Rappel en population générale : pas encore le moment

Va-t-on devoir recommander un rappel de vaccination contre le Covid-19 à l’ensemble de la population ? Si ce n’est pas l’objet premier de cet avis, la HAS a tenu à faire connaitre – sur cette question d’actualité – sa position en ce début novembre. Elle considère que « dans le contexte sanitaire actuel, compte tenu des données encore limitées sur les conséquences d'un déclin de l'efficacité au cours du temps chez les jeunes adultes et sur l'effet d'un rappel sur la transmission, il n'y a pas lieu pour le moment de modifier ses recommandations quant à la pertinence d'un rappel en population générale ». Néanmoins, la HAS ajoute qu’il est « probable que celui-ci soit nécessaire ultérieurement ». Pour en décider, l’autorité sanitaire dit attendre « les résultats des travaux de modélisation de l'Institut Pasteur ».

En ce qui concerne les populations sévèrement immunodéprimées à très haut risque de forme sévère de Covid-19, la HAS étudie actuellement la démarche préventive globale à adopter. Elle rappelle cependant que « l'administration d'une troisième dose plus précocement voire d'une quatrième dose pour les non-répondeurs aux précédentes injections a déjà été recommandée, cette dose devant être distinguée d'une dose de rappel à 6 mois ».

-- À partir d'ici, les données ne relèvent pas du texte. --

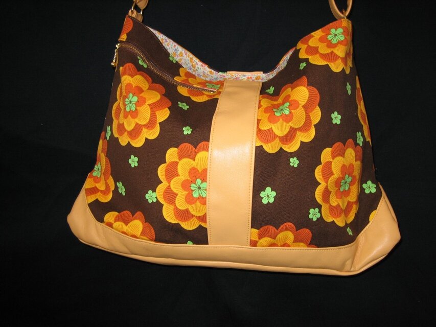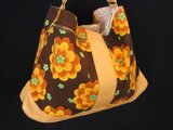 茶色に大柄のイエローフラワー、帆布のショルダーバックです。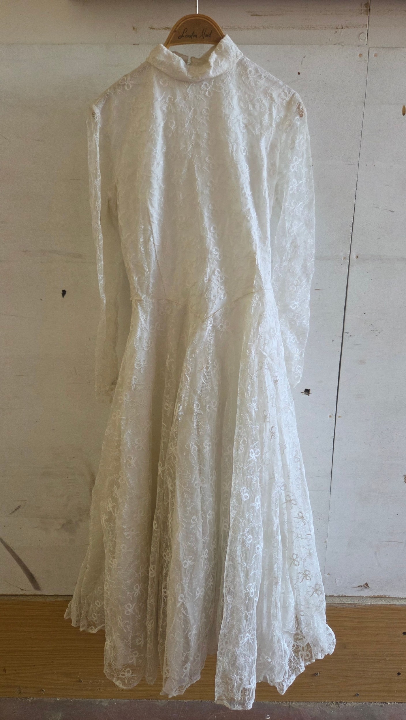 Mid-20th Century White Lace Wedding Gown Attributed to London Maid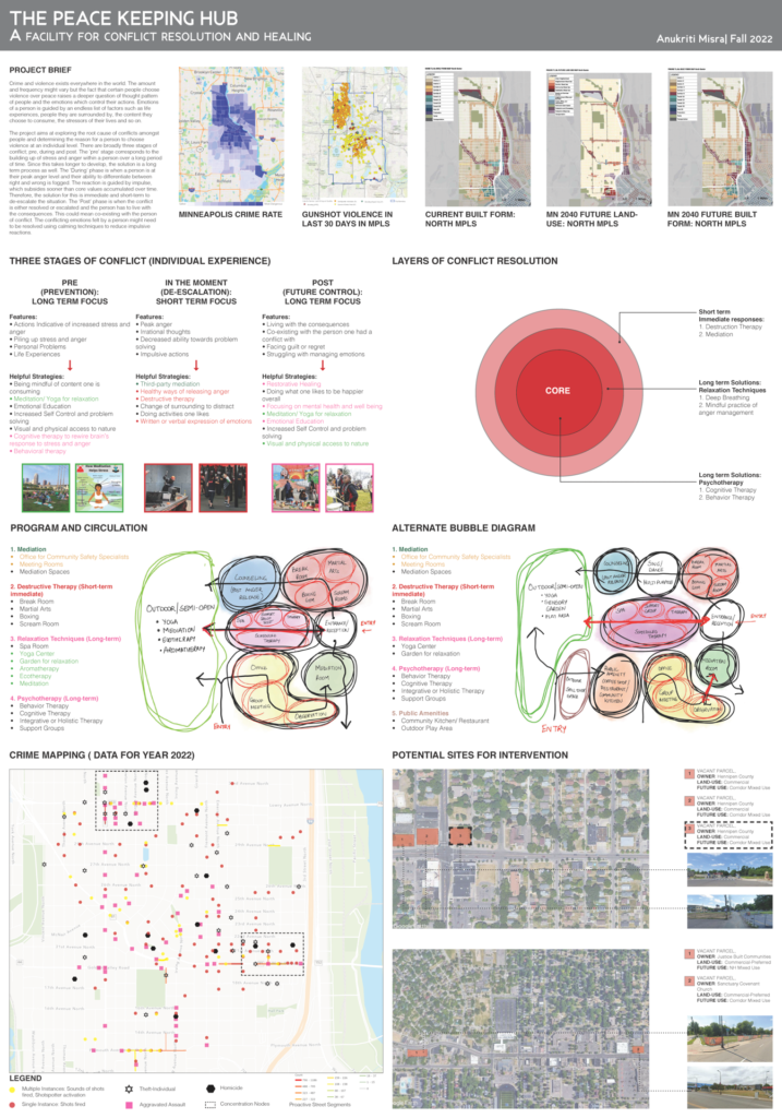 The project aims at exploring the root cause of conflicts amongst people and determining the reason for a person to choose violence at an individual level. There are broadly three stages of conflict; pre, during and post. The ‘pre’ stage corresponds to the building up of stress and anger within a person over a long period of time. Since this takes longer to develop, the solution is a long term process as well. The ‘During’ phase is when a person is at their peak anger level and their ability to differentiate between right and wrong is fogged. The reaction is guided by impulse, which subsides sooner than core values accumulated over time. Therefore, the solution for this is immediate and short-term to de-escalate the situation. The ‘Post’ phase is when the conflict is either resolved or escalated and the person has to live with the consequences. This could mean co-existing with the person of conflict. The conflicting emotions felt by a person might need to be resolved using calming techniques to reduce impulsive reactions.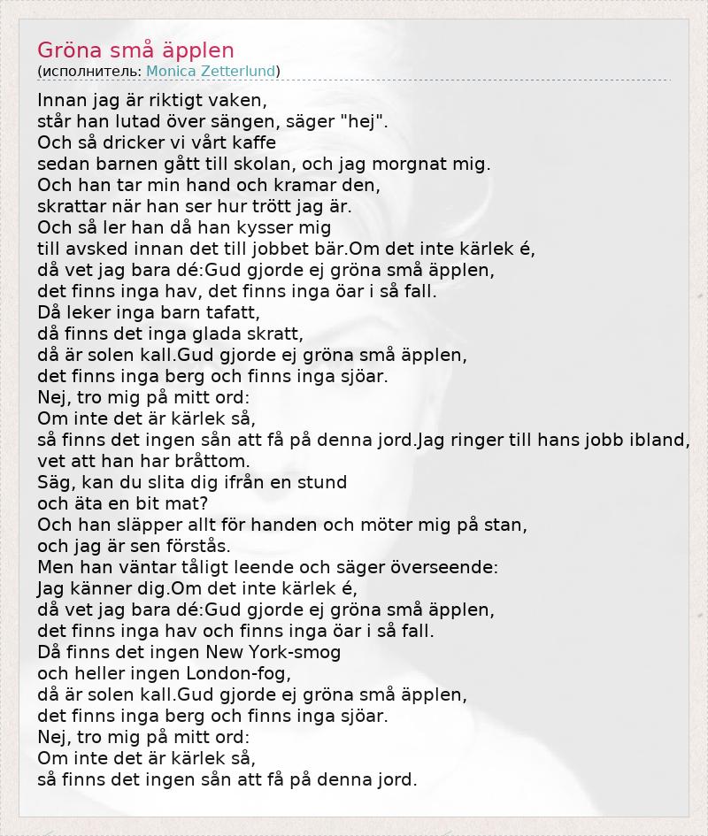 А как ты думаешь, о чем песня "Gröna små äpplen" ?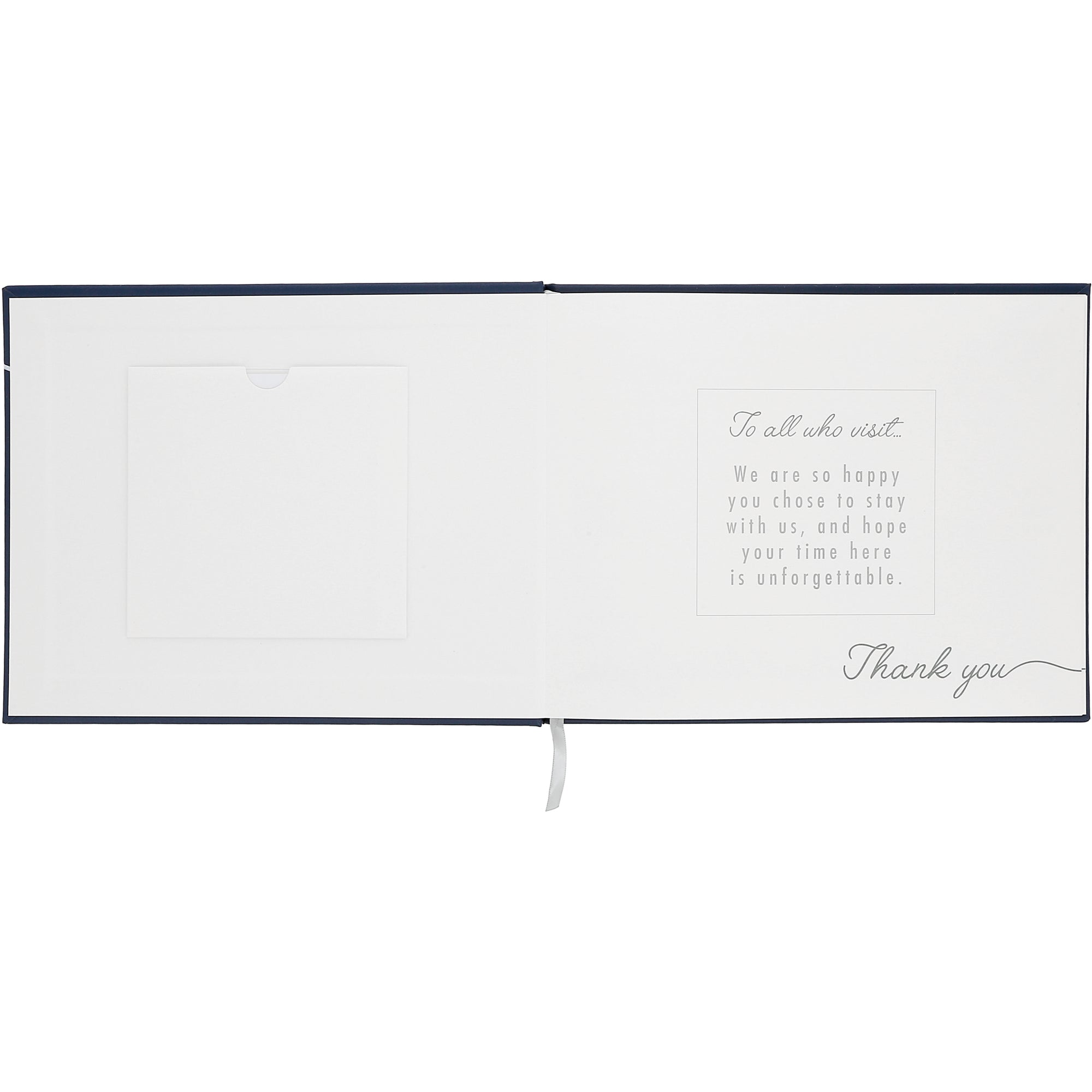 - PREMIUM QUALITY: This 9" x 7" hardcover guest book features a PU leather-paper cover with embossed glossy heat-stamp artwork and metallic foil accents for an elevated, high-quality finish. Includes 60 pages of 1-color printed paper with smooth writing texture. A satin ribbon bookmark keeps your place, and the interior pocket holds the included 4.25" x 4.25" photo insert or other keepsakes.

Comme à chaque fois désormais, la HAS précise que cet avis sera revu en « fonction de l'évolution des connaissances, notamment au regard des données d'efficacité et de sécurité en conditions réelles d'utilisation sur un plus long terme ainsi que des données épidémiologiques et de pharmacovigilance ».

 

Myocardites et les péricardites : les données françaises

Depuis juillet 2021, les myocardites et les péricardites sont considérées comme un effet indésirable pouvant survenir rarement suite à une vaccination par Comirnaty (Pfizer) ou Spikevax (Moderna). Dans ce contexte, EPI-PHARE a conduit une nouvelle étude basée sur les données du Système National des Données de Santé (SNDS) sur toutes les personnes âgées de 12 à 50 hospitalisées en France pour une myocardite ou une péricardite entre le 15 mai et le 31 aout 2021, soit 919 cas de myocardites et 917 cas de péricardites [2]. Ces cas ont été appariés respectivement à 9190 témoins (pour la myocardite) et 9170 témoins (pour la péricardite) de même âge, sexe et département de résidence. Résultat : la deuxième dose de Spikevax serait à l'origine de 132 cas de myocardite supplémentaires par million de doses administrées chez les jeunes hommes de moins de 30 ans et de l'ordre de 37 par un million de doses chez les jeunes femmes de moins de 30 ans. Par comparaison, le risque de myocardite associé à la deuxième dose de vaccin de Pfizer a été estimé à 27 par million et 4 par million respectivement chez les hommes et les femmes de moins de 30 ans. Le risque de péricardite apparait lui aussi plus marqué après le vaccin Spikevax chez les personnes de moins de 30 ans, en particulier après la deuxième dose qui serait à l'origine d'un excès de cas atteignant de l'ordre de 18 par un million de doses chez les jeunes hommes (6/million chez les jeunes femmes). L’évolution clinique des cas de myocardite et de péricardite apparaît généralement favorable. Sur la période étudiée, aucun décès n'a été rapporté parmi les personnes hospitalisées pour une myocardite ou une péricardite suite à la vaccination. Les hospitalisations étaient de 2 à 4 jours en moyenne.